## [Provided records]
____________________
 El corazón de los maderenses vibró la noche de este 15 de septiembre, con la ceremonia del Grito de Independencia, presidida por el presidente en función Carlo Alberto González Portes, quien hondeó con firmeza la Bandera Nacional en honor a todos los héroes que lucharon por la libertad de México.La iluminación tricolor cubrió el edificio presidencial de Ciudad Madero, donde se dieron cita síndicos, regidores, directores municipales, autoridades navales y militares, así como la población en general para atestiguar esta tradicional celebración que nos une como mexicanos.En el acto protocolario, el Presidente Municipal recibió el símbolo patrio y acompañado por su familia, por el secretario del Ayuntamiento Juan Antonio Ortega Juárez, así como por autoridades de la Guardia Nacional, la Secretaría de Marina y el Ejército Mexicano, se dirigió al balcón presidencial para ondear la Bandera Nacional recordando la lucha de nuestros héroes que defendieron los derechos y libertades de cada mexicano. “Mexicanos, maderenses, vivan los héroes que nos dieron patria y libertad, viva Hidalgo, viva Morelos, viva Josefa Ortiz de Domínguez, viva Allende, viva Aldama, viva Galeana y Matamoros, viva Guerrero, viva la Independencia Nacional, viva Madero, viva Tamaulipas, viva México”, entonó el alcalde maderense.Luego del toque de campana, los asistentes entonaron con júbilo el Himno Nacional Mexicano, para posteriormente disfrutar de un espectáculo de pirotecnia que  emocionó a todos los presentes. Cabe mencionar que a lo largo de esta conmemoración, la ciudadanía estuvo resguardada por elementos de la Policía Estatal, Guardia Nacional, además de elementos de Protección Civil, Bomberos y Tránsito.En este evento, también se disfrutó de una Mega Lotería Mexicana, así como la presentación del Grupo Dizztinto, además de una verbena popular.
____________________
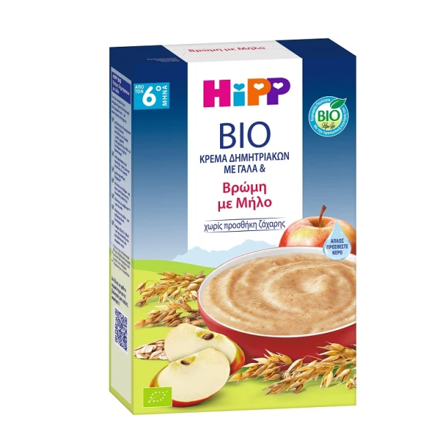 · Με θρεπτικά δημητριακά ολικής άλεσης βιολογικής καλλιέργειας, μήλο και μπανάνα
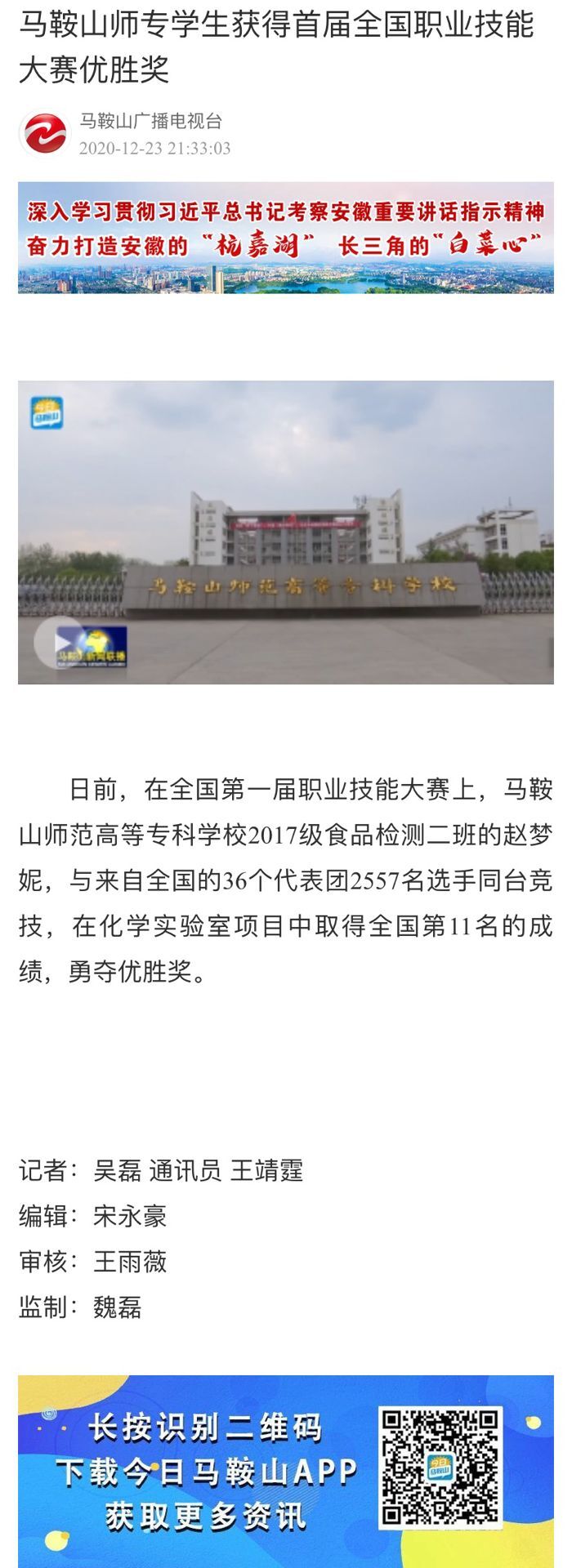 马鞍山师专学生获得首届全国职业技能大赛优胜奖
____________________
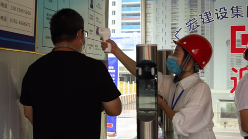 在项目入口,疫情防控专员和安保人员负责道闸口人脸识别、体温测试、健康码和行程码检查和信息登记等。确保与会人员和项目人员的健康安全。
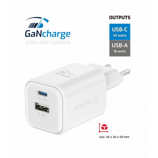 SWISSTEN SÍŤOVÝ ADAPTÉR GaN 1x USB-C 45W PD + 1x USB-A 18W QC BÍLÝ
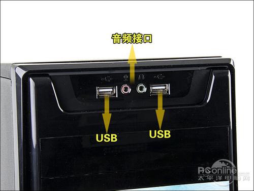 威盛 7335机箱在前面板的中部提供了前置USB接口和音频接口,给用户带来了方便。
____________________
## [Exercise brief]
Nothing but the lines from the one containing "SWISSTEN SÍŤOVÝ ADAPTÉR" through the one containing "威盛 7335机箱在前面板的" should appear, copied exactly from the material above and without pictures.

## [Problem solution]
 SWISSTEN SÍŤOVÝ ADAPTÉR GaN 1x USB-C 45W PD + 1x USB-A 18W QC BÍLÝ
 威盛 7335机箱在前面板的中部提供了前置USB接口和音频接口,给用户带来了方便。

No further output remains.